Théâtre du réel et tours détruites
“J’ignorais qu’une femme de ménage d’une tour HLM pouvait, par la tendresse du regard posé sur elle, devenir un personnage de cinéma”, écrit la cinéaste Alice Diop, lauréate du César du meilleur court métrage, dans le livret qui accompagne l’édition du coffret DVD des premiers documentaires de Dominique Cabrera. Il y a plus de trente ans, cette jeune étudiante de l’Idhec (aujourd’hui la Fémis), fraîchement débarquée de son Algérie natale, s’immergeait avec sa caméra dans les grands ensembles.
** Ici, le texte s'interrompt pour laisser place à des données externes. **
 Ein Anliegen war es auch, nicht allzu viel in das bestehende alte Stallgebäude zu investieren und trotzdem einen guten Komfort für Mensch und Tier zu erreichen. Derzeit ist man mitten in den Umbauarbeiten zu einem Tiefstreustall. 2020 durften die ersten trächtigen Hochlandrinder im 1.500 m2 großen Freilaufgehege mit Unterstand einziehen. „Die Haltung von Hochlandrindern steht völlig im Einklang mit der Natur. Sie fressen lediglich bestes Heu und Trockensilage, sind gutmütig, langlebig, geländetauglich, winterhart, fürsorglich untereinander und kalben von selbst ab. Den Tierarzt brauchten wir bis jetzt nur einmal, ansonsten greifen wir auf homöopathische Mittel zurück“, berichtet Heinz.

Entre 1981 et 1994, la cinéaste réalise six films autour de la banlieue et de ses habitants, et fait de ces lieux quasi absents des écrans à l’époque les personnages principaux de ses films, comme ce petit bureau de poste (Une poste à la Courneuve, 1994), sorte de théâtre du réel où les employés sont confrontés chaque jour à la précarité.
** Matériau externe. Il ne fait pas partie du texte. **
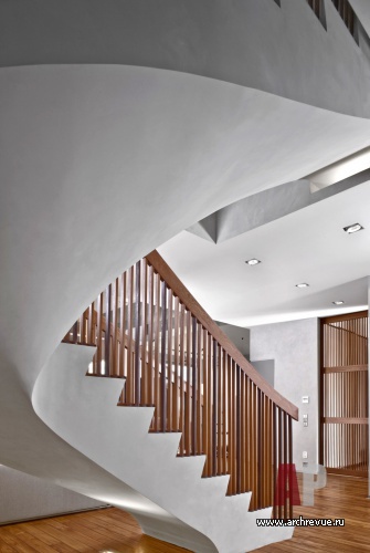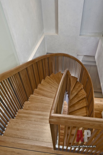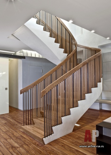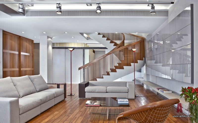 Пространство квартиры организовано на двух уровнях. Авангардная по своей форме лестница является центральным элементом пространства и вынесена в общую гостевую зону. Первый этаж решен по принципу студии с логично перетекающими друг в друга функциональными зонами. Второй уровень (он был организован на месте бывшего чердака) занимают приватные апартаменты хозяев.

Dans Chronique d’une banlieue ordinaire (1992), la cinéaste capture la mémoire d’un lieu, celui du quartier du Val Fourré où quatre tours vont être détruites. Elle convie alors d’anciens locataires, ayant occupé les lieux de 1966 à 1986, à retourner sur ce qui fut un temps leur appartement.
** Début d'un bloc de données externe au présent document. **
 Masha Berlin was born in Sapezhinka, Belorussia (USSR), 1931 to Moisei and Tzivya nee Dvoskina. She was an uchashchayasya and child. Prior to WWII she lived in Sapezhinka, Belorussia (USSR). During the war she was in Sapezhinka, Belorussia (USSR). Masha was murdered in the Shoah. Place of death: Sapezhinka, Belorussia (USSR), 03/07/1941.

Un álbum de famille sans images réactivé par la parole
Face caméra, chacun d’eux prend la parole et raconte sa vie passée entre ces murs. Dans ces grands couloirs déserts, ces pièces nues, les habitants rejouent leur propre histoire. “Par là, c’était ma chambre à coucher ; j’avais 20 ans, c’est pas un âge qu’on oublie facilement (…). Là, c’était la salle à manger. Là, j’avais un salon arabe”, raconte avec nostalgie une femme enjouée accompagnée de sa fille. “Là, il y avait le sapin de Noël”, se souvient cet homme mélancolique, cherchant sous les couches de papier peint de son ancien salon le vieux dessin griffonné par sa fille.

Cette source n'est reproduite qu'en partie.